Linux + Windows presets only; citor does not currently support ARM
or macOS.
@Lallapallooza
Copy link
Copy Markdown
Contributor Author

Lallapallooza commented May 19, 2026

Tried on a Ryzen 9 9950X3D, clang 21 -O3 -march=znver5 -mavx2 -mfma, libtcmalloc_minimal:

Runtime citor libfork TooManyCooks tbb
Mean Ratio to Best
(lower is better)
1.05x 1.91x 2.25x 3.02x
skynet 66404 us 97793 us 124709 us 303372 us
nqueens 222053 us 183640 us 189241 us 288862 us
fib(39) 127825 us 136704 us 214037 us 631889 us
matmul(2048) 61837 us 252671 us 272875 us 61529 us
Runtime TooManyCooks
Mean Ratio to Best
(lower is better)
1.00x
io_socket_st 245070 us
Runtime TooManyCooks_mt TooManyCooks_st_asio
Mean Ratio to Best
(lower is better)
1.00x 1.11x
channel 384155 us 427709 us

Peak Memory Usage (Max RSS)

Runtime libfork TooManyCooks TooManyCooks_st_asio TooManyCooks_mt tbb citor
skynet 16.87 MB 16.87 MB N/A N/A 16.87 MB 16.87 MB
nqueens 16.87 MB 16.87 MB N/A N/A 16.87 MB 16.87 MB
fib(39) 16.87 MB 16.87 MB N/A N/A 16.87 MB 16.87 MB
matmul(2048) 56.12 MB 56.27 MB N/A N/A 56.38 MB 56.23 MB
io_socket_st N/A 16.87 MB N/A N/A N/A N/A
channel N/A N/A 16.87 MB 16.87 MB N/A N/A

@Lallapallooza
Copy link
Copy Markdown
Contributor Author

@tzcnt please review

@Lallapallooza
Copy link
Copy Markdown
Contributor Author

Note: citor's default affinity caps at physical cores, so on an SMT box ThreadPool(32) uses 16 workers. Affinity::PerCpuSmtPair opts into all 32. Doesn't affect SMT-off hardware, and the ranking holds either way.

@tzcnt
Copy link
Copy Markdown
Owner

tzcnt commented May 20, 2026

So the benchmarks sweep from 1 to 32 threads on the 5950X for example. We'd want to set Affinity::PerCpuSmtPair only when threads == 32 then? Is there a simple way to detect this programmatically? For example with TMC you can query the physical core count

auto puCount = topo.pu_count();
and then check if the requested threads is equal to that. I know you have some hardware query mechanism inside citor but not sure if it's publicly exposed.

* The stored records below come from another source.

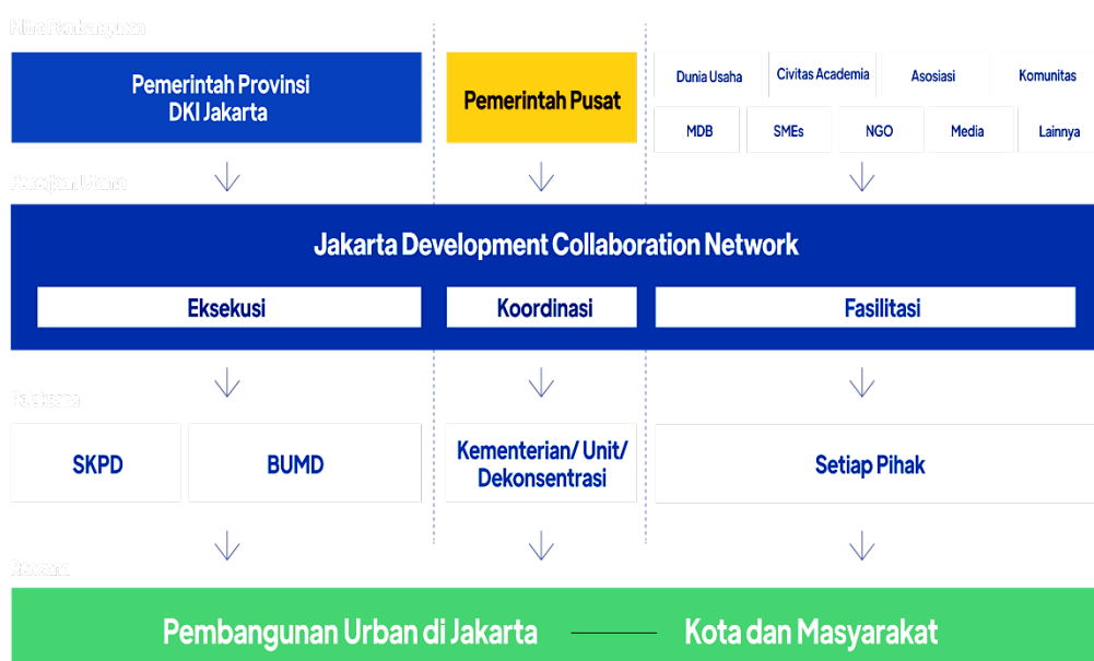
Gambar 2. Gambaran Umum Kerangka Kerja JDCN

Pemprov DKI Jakarta juga memiliki data sebaran penerima manfaat, yang basisnya berkoordinasi langsung dari masing-masing kantor Wali Kota Administrasi agar tidak ada tumpang tindih antar lembaga. Karena setiap pendistribusian bantuan oleh setiap lembaga punya fokus yang berbeda-beda. Program ini dapat terlaksanakan dengan peran Pemprov DKI Jakarta sebagai penyedia platform bukan sebagai pelaksana program-program donasi sosial. Gambaran umum kerangka kerja JDCN dapat dilihat lebih lanjut pada gambar 2.
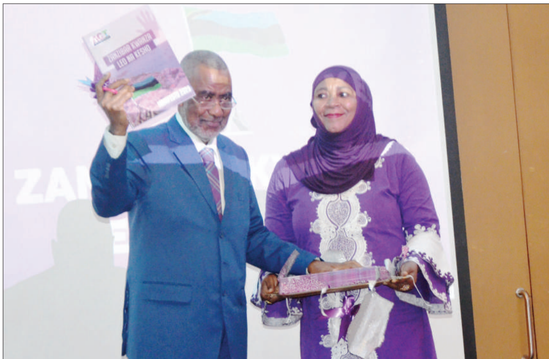
Mgombea urais wa Zanzibar kwa tiketi ya Chama cha ACT-Wazalendo, Maalim Seif Sharif Hamad, akizindua ilani ya uchaguzi wa Zanzibar ya Mwaka 2020-2025 mjini Unguja jana.

Pia kutaimarisha miundombinu wezeshi kwa uchumi wa visiwa hivyo, kutaifanya Zanzibar kuwa kituo cha biashara, fedha na uwekezaji katika eneo la maziwa makuu, kutaendeleza sekta za utalii, mafuta na gesi asilia na kuchochea kilimo cha mapinduzi, uvuvi na ufugaji.
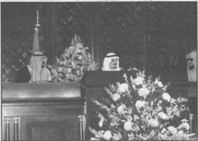
خادم الحرمين الشريفين عند افتتاحه إحدى دورات المجلس
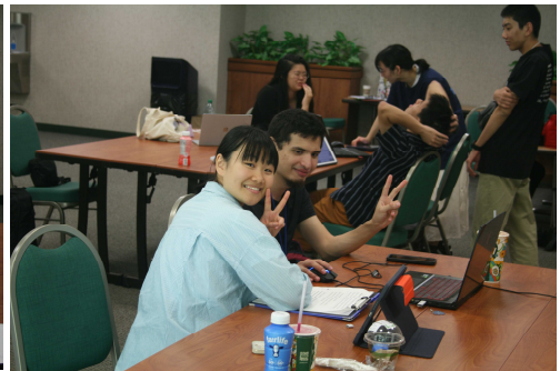
発表資料について指導
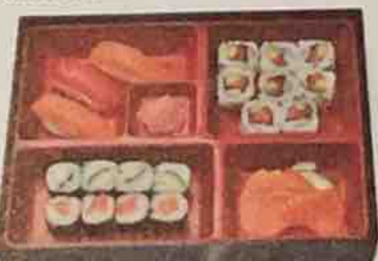
B4. Soupe, Salade 16,80€ 3 Sashimi (saumon), 8 Maki, 3 Sushi (thon, saumon) 8 California maki
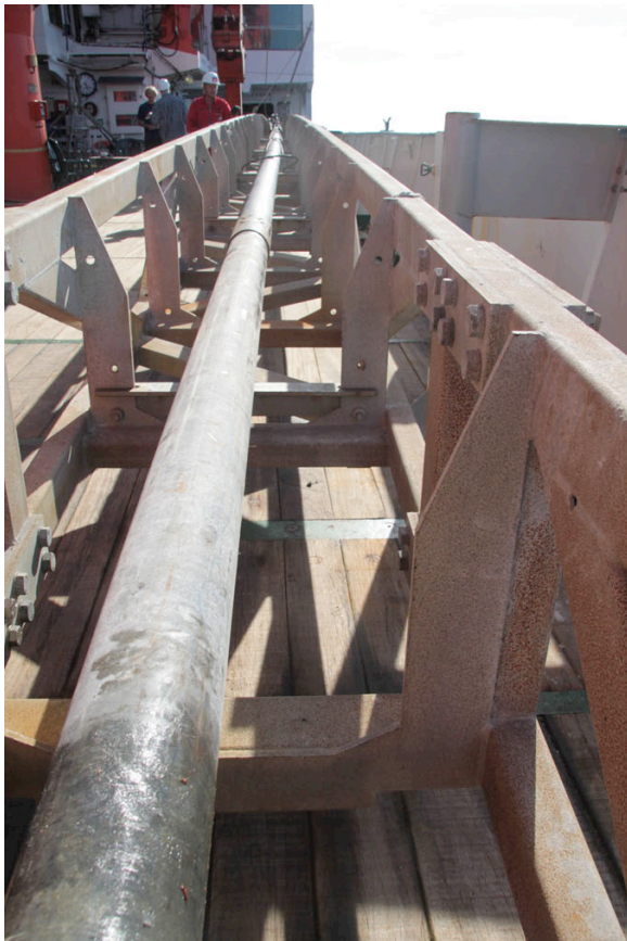
Abb. 2 15 m Schwerelot im Kernabsatzgestell

beprobte und auf die Geochemie von Porenwasser untersucht. Dabei gilt das Forschungsinteresse vor allem der Untersuchung sogenannter "Seeps". Hierbei handelt es sich um Austrittsstellen von Fluiden die durch bestimmte Prozesse aus den tieferen Sedimentschichten an die Meeresoberfläche gelangen. Während der
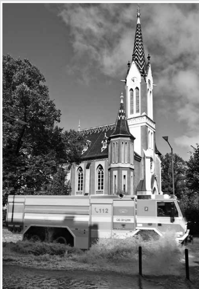
• Je 11 hodin, odpoledne voda kulminovala

Během pátečního odpoledne, kdy začalo vydatněji pršet, jsme viděli, že hladina řeky Opavy začíná očividně stoupat. Během sobotního podvečera jsme byli místním rozhlasem informováni, že řeka Opava dosáhla 3. stupně povodňové aktivity, byla vyhlášena nařízená evakuace občanů ze záplavové oblasti a následně zazněla siréna. Poté jsme byli bez proudu a dalších informací. Všichni sousedi jsme se intuitivně shromáždili v naší uličce a debatovali jsme o tom, zda se přemístíme do evakuačních center
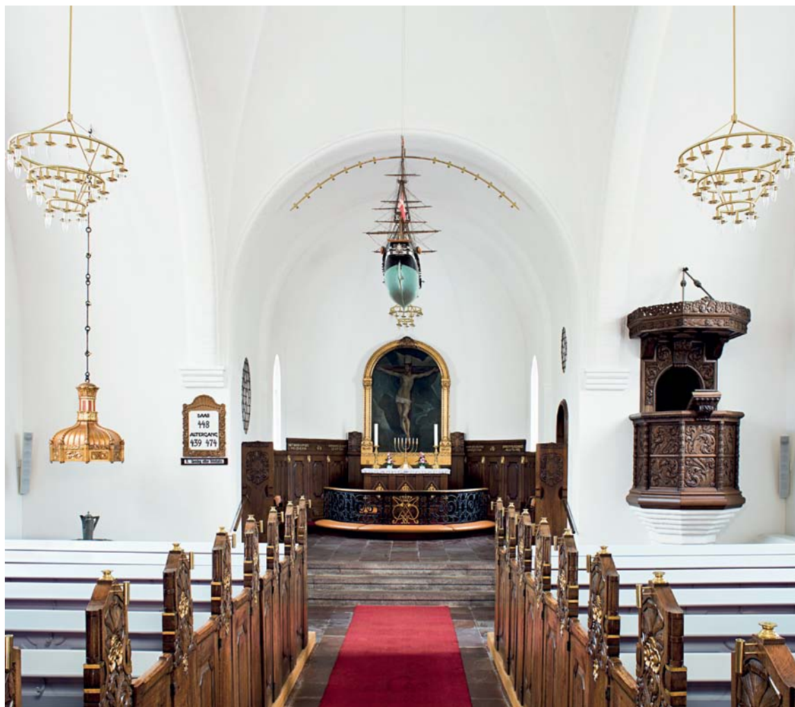
Fig. 1. Indre set mod øst. Foto AM 2010. – Interior seen towards the east.
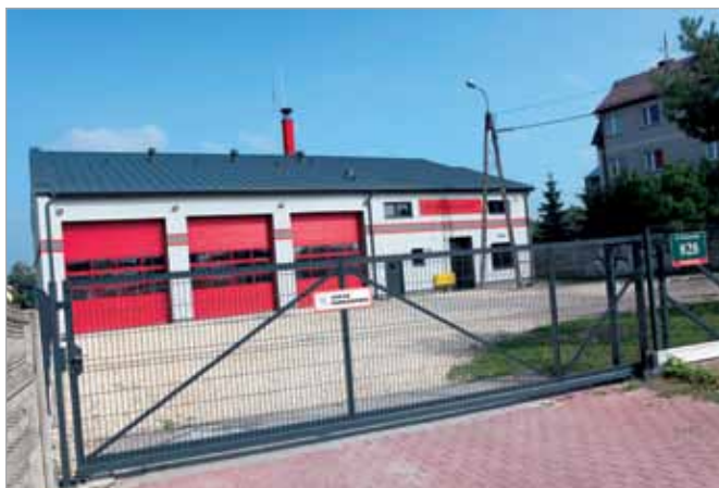
Rozbudowywana remiza w Borzęcinie Dużym
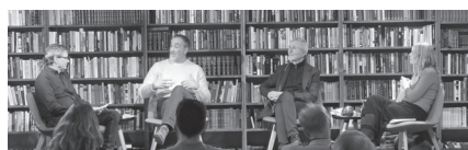
Fra Temakveld om krenkelser på Litteraturhuset i Fredrikstad, 2023.

Actually since you don't support ARM at the moment I think we can just check if thread_count == std::thread::hardware_concurrency() (assuming that x86 machines all have SMT)

@tzcnt
Copy link
Copy Markdown
Owner

tzcnt commented May 20, 2026

Overall the performance is quite impressive. I'll do a full run on all my hardware and update the results ASAP. One thing to note, it hits a stack overflow when running fib 45, due to the recursive inline call to the last element of each group. I think you could work around this by tracking the inline call depth and forcing the stack to unwind when it passes a certain threshold by posting the last element to the local deque instead of calling it directly.

@Lallapallooza
Copy link
Copy Markdown
Contributor Author

Pushed the affinity fix you suggested. Each bench picks PerCpuSmtPair when thread_count == std::thread::hardware_concurrency() and PerCpu below that, so the top of the sweep uses every logical CPU. No-op on SMT-off hosts.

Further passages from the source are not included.